I remember holding her for the first time and wanting the moment to last a lifetime.

I was reborn again four years later and lucky enough to have the same experience with my son.

Next month, my wife and I will take our daughter and son to a Shinto shrine for the Shichigosan (7-5-3) festival in which children ages 7, 5 and 3 dress in special clothes — usually a kimono for girls and a hakama for boys — and are placed under the protective blessing of the kami (guardian deity).

Shichigosan expresses a rite of passage, a ritual that marks the shifts and transitions of one social status to another. Age 3 marks the end of babyhood in Japanese custom; at 5, children begin to have formal relationships with other adults in the community; and 7 is a symbolic number in numerous religious traditions, signifying completion or fullness. At 7, then, a child has experienced the full richness of childhood and will soon enter the next stage of development, the so-called tweens phase.

During Shichigosan, parents thank the kami for blessings received and ask for continued guidance and protection for their children so that the children may live long and healthy lives. For the children, more importantly, they receive special candies symbolizing long life.

We will visit one of the local Shinto shrines and participate in the Shichigosan festivities not simply because we want to enjoy a traditional religious rite, but more importantly because we believe in celebrating our children's childhood. One of the basic messages in Japanese religion is that everything is impermanent. Life is fleeting and hence it should be appreciated fully. This in part is why the cherry blossom is cherished in Japan: It appears in full bloom for a few weeks and then it is gone. The innocence and wonder of childhood is sometimes like this.

I don't remember how much longer after turning 7 that I stopped holding my parents' hands, but I realize now that it was a step in the process of letting go. Because my daughter is beginning to leave her childhood, I want to appreciate her childhood as much as I can before it is completely gone.

So I will enjoy this time in my children's lives, this period when they are with me because they want to be with me, and not because they are obligated to, or because I am forcing them to. A time when they still look to hold my hand when walking, when they still want me to carry them when they're tired, when they still want to kiss me goodnight after reading them a bedtime story.

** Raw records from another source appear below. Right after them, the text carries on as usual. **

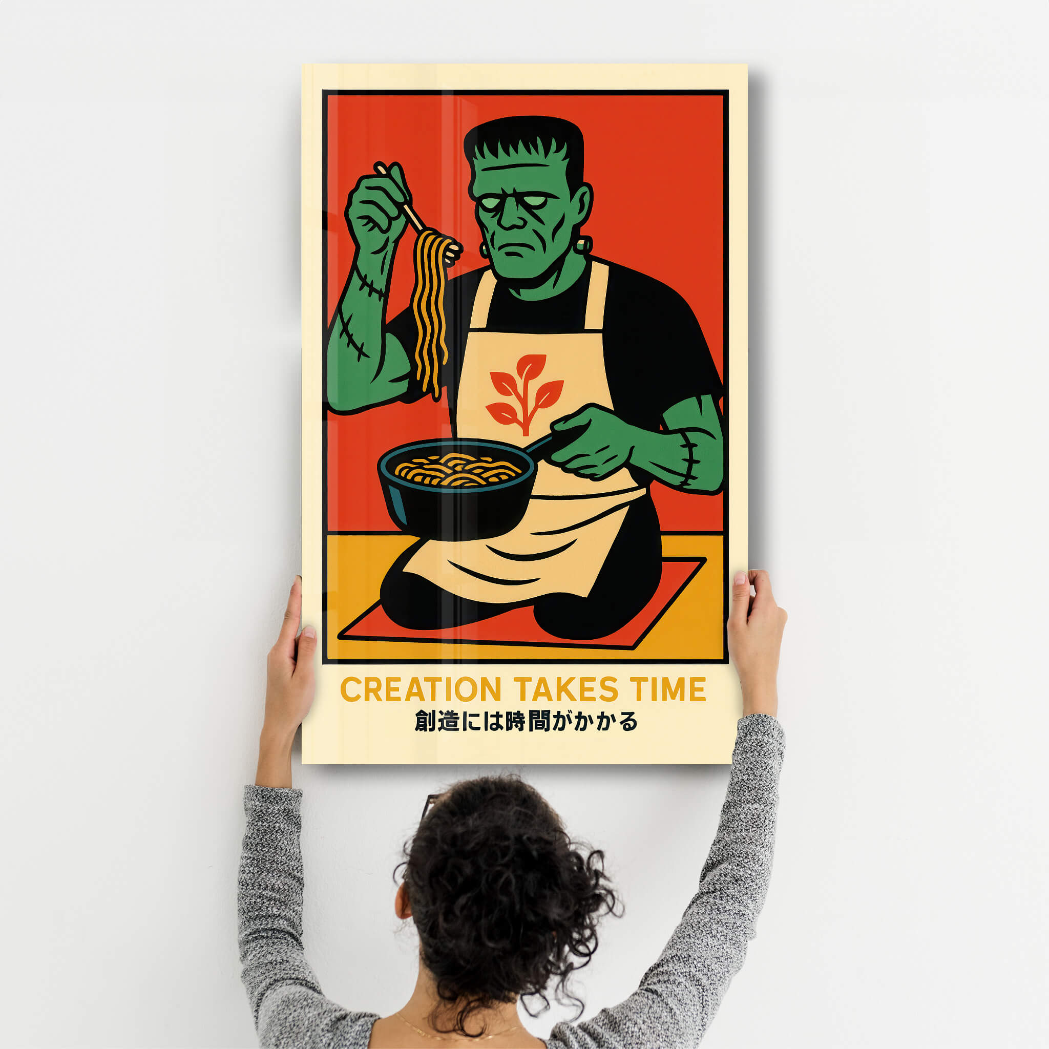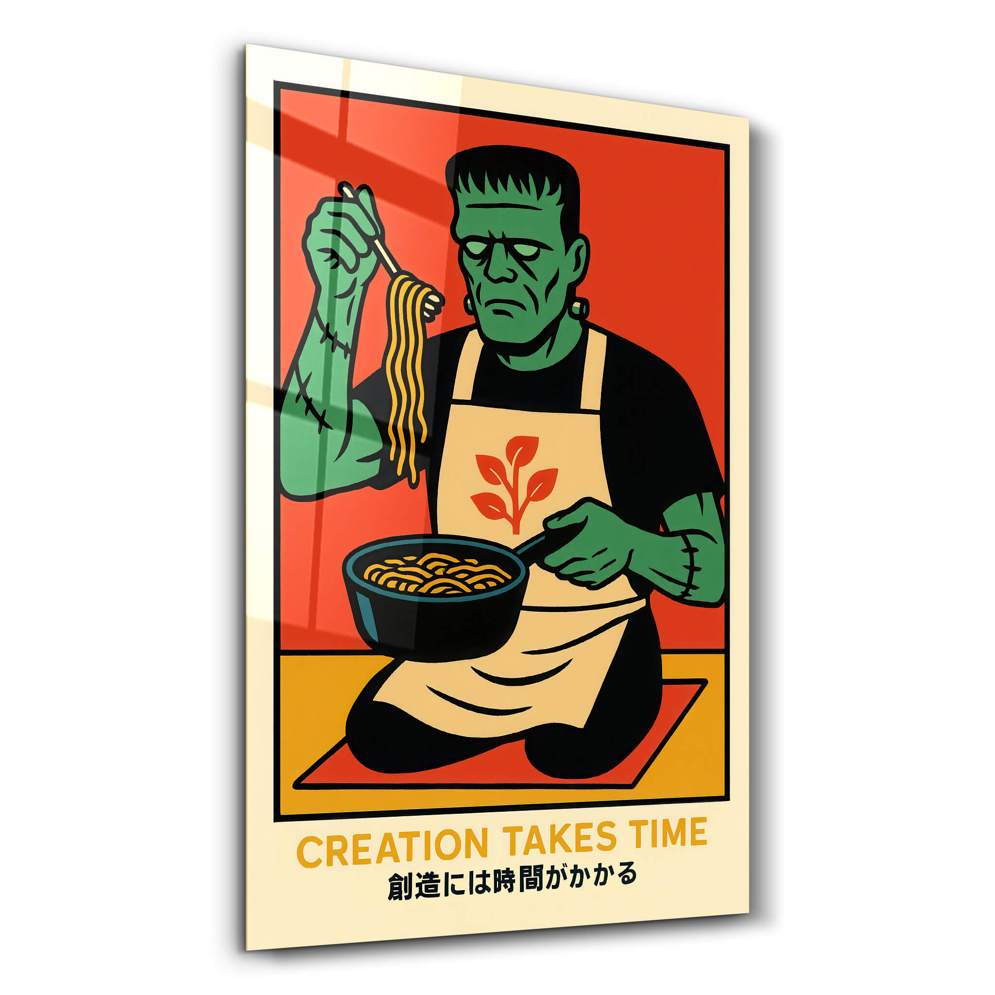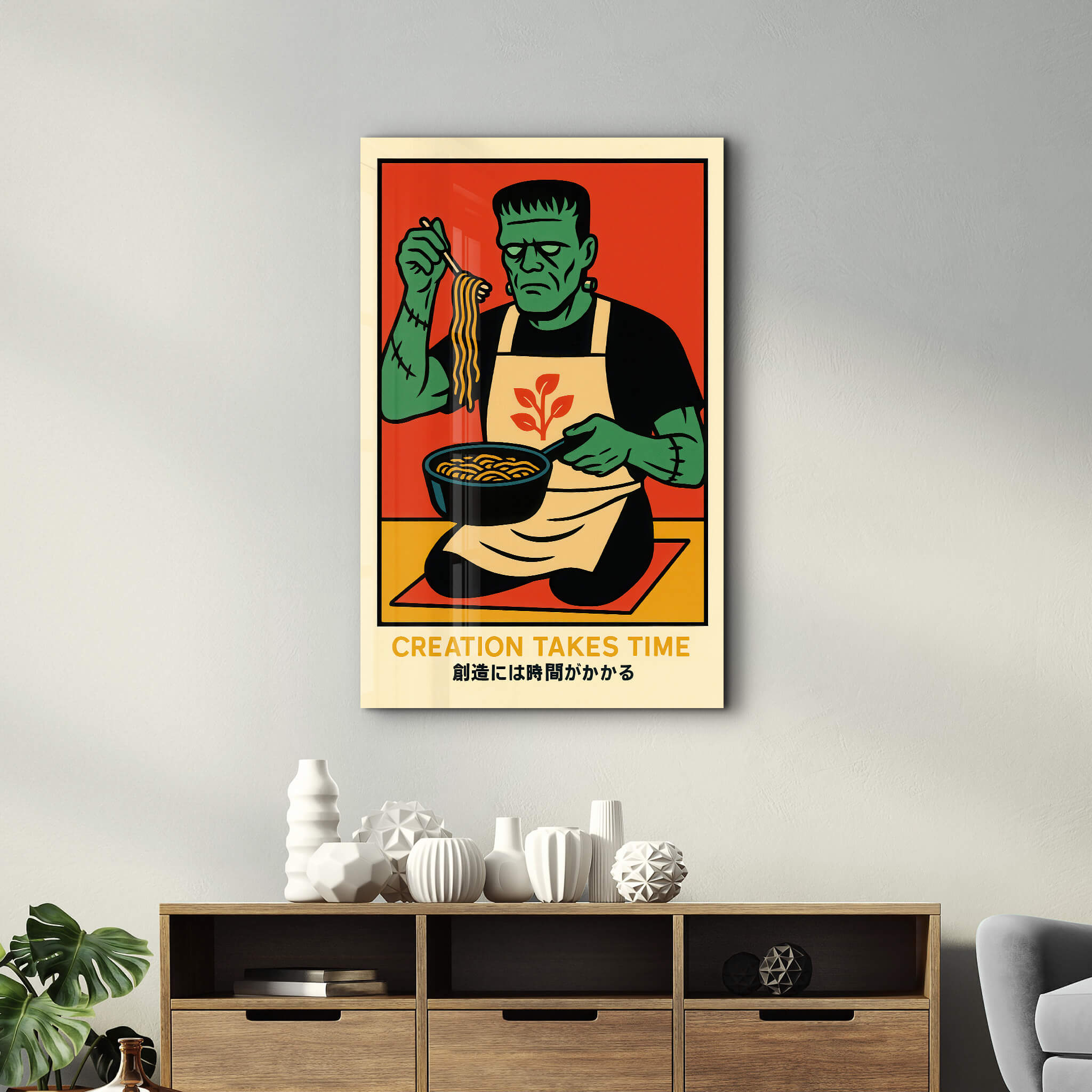 Unleash your love for bold design and subtle storytelling with our “Creation Takes Time” glass wall art—a perfect fusion of humor, pop culture, and philosophy. This piece features a green-skinned Frankenstein-like character, carefully cooking a pot of noodles, wearing a serene expression and a simple apron. It's an unexpected but perfectly balanced visual metaphor: even the most fearsome creations require care, patience, and yes, perhaps a little seasoning.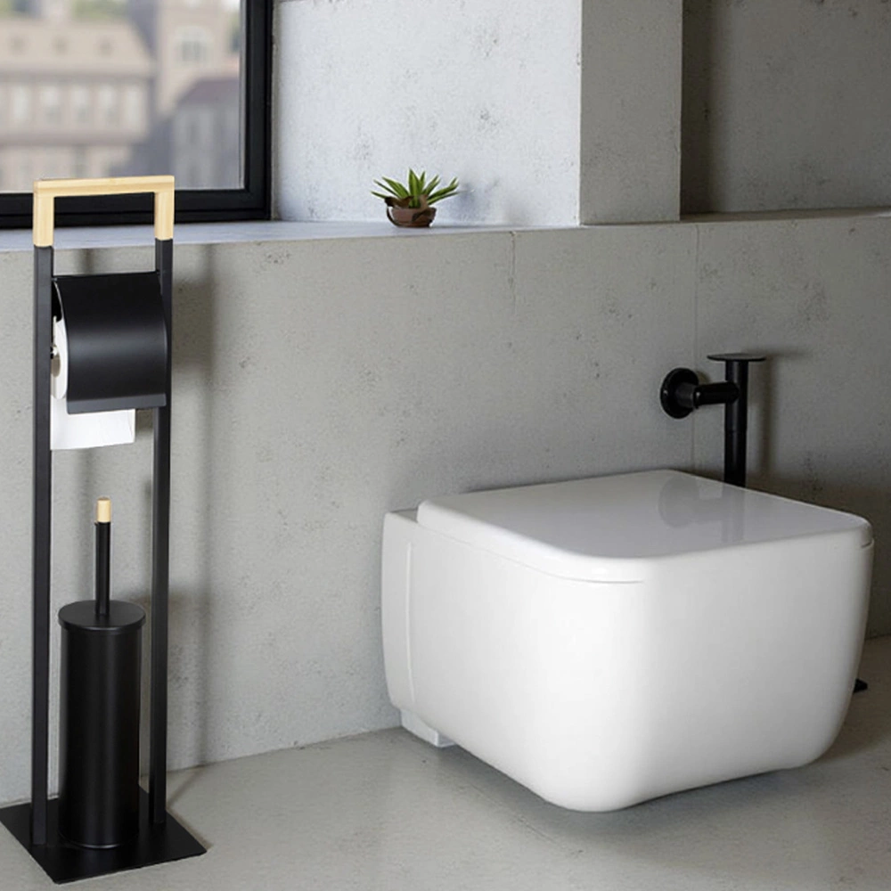 - Funkcjonalny stojak 2w1 z uchwytem na papier toaletowy i szczotką WC. Wolnostojąca konstrukcja z trwałego metalu, odporna na wilgoć. Idealny do nowoczesnych łazienek – oszczędza miejsce i zapewnia porządek.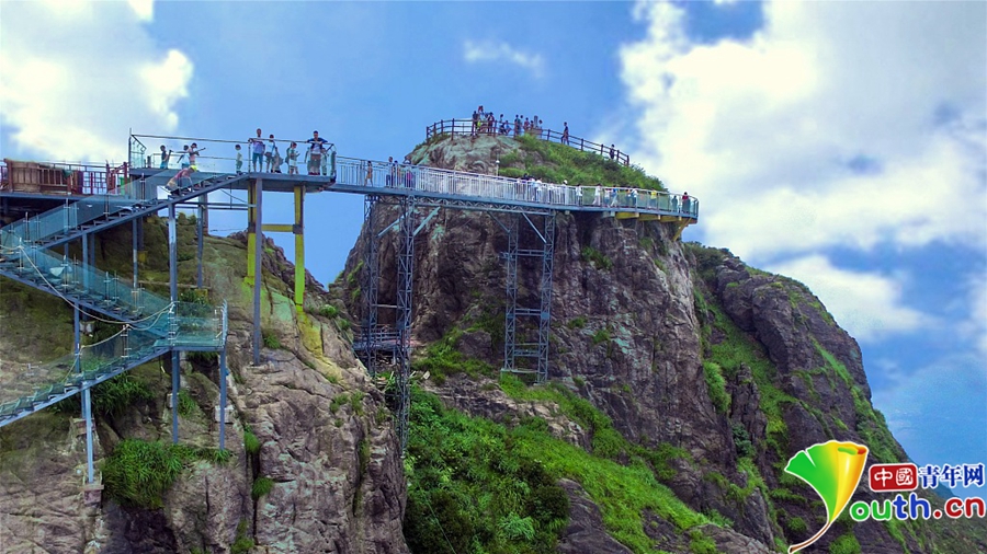 金子山素以天梯而著名,原來(lái)的通天天梯是用石頭建成的。而最高峰的天梯則用玻璃建成的,是國(guó)內(nèi)首個(gè)玻璃天梯,也是全國(guó)首個(gè)樓梯型的玻璃旅游產(chǎn)品。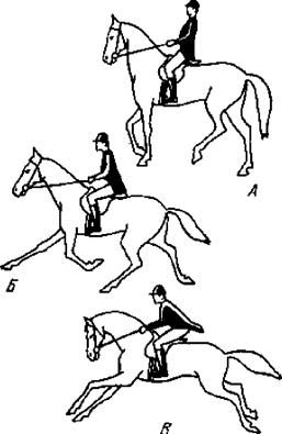 Рис. 25 Хорошо усвоив, что такое постановление, и научившись легко его добиваться, можно переходить к следующему аллюру — галопу. Галоп — аллюр в три темпа. Лошадь, оперевшись, например, в первый темп на левую заднюю ногу, ставит вторым темпом левую переднюю и правую заднюю ногу (левую диагональ), выходя третьим темпом на правую переднюю, и затем повторяет эти движения, разделенные моментом подвисания в воздухе между третьим и первым темпом, до тех пор, пока вы ее не переведете на рысь или шаг. Галоп, у которого третий темп попадает на правую переднюю, называется галопом с правой ноги, а галоп, у которого третий темп попадает на левую переднюю — галопом с левой ноги. Все выезженные лошади должны уметь подниматься а галоп и с левой и с правой ноги, а каждый всадник первого года обучения должен уметь заставить лошадь подняться с определенной ноги в галоп. При езде в манеже, по стенке, по команде «Галопом — ма-а-рш1» лошадь поднимают всегда с внутренней ноги, а именно: при езде налево — с левой, при езде направо — с правой. Если лошадь идет с наружной ноги, такой галоп называется контргалопом. Во время езды надо всегда внимательно как бы прислушиваться к движению лошади и своевременным посылом стараться предупредить неповиновение. Если лошадь пытается ускорить галоп — шенкель должен быть совершенно спокоен, а действие повода усиливается. Для всадника, умеющего хорошо сидеть на учебной и строевой рыси и могущего выполнять все вышеперечисленные упражнения, езда галопом не представляет никакой трудности. На рисунке 26 показаны способы посадки всадника: А — на всех сокращенных движениях — шаг, сокращенная рысь, сокращенный манежный галоп — стараться сохранять отвесное положение корпуса; равновесие по седалищу; Б — посадка при езде строевой рысью и в полевых условиях — равновесие по ступне; В — посадка для соревнований с прыжками и для кроссов — равновесие по ступне, корпус сильно подан вперед. Ни при каких случаях, кроме продолжительных спусков с горы, не следует подавать корпус назад. Скорости нормальных аллюров: шаг — 10 мин 1 км; рысь учебная — 7—8 мин 1 км; рысь строевая — 5 мин 1 км; рысь прибавленная — 3—4 мин 1 км; галоп манежный — 7—8 мин 1. км; галоп свободный — 3—4 мин 1 км; галоп полевой — 2—2,5 мин 1 км; карьер — галоп в полную возможность лошади (резвый галоп).

Soon these things will not be for me.

These, then, are the fleeting childhood moments that I will cherish for a lifetime, and these are the tiny treasures they give to me that make my life so rich. In short, the Shichigosan festival is a celebration of their childhood and an appreciation for the gift of parenthood.

Jay Sakashita teaches religion at Leeward Community College and the University of Hawai'i-Manoa. He has no hobbies, no time to read books and absolutely no social life. This is his children's fault.